Season 5, Post 30: Remember the metaverse?
Wind the clock back two years and everyone was talking about the metaverse. Such was the hype that Mark Zuckerberg even chose to rebrand Facebook to Meta in October 2021, a decision he may have subsequently rued. Of course, all the buzz in the tech world has now shifted to AI.
Nonetheless, the metaverse concept is still alive and kicking. Many people continue, for example, to use Roblox as a medium not only for playing games but also for interacting with friends in virtual worlds – even if shares in the business have fallen more than 70% from their peak.

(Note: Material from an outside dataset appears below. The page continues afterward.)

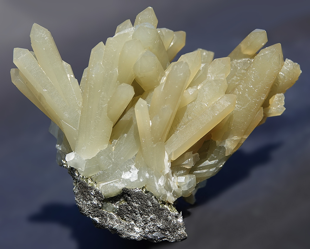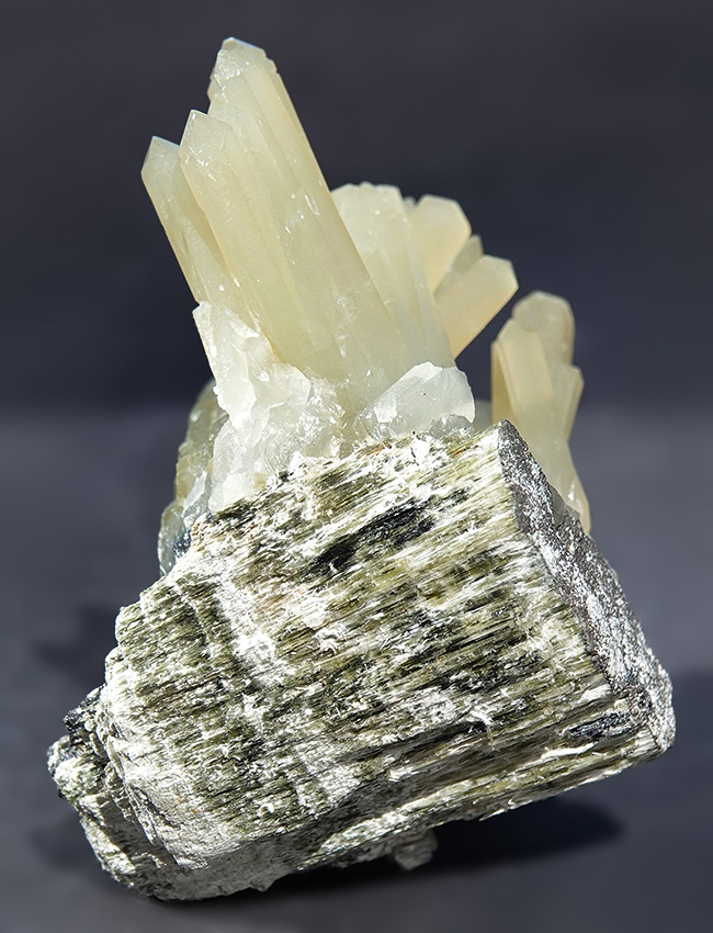 Cristaux de quartz prase vert olive sur hédenbergite et magnétite.

More interestingly, your author encountered the term ‘industrial metaverse’ for the first time last week when on a business trip to Germany.
Metaverse has always been a nebulous concept at best. However, its relevance was framed to us in the following context. Consider that 80% of the global workforce do deskless jobs, implying 2.7bn de facto ‘frontline’ employees. Then take the increasing complexity of many roles (say, operating or maintaining machinery) combined with a scarcity of skilled workers, and the obvious conclusion should be that there is a higher need for efficiency. Think then of the concept of industrial metaverse as being a synonym for a holistic digitalisation of the shop floor embracing both machines and humans.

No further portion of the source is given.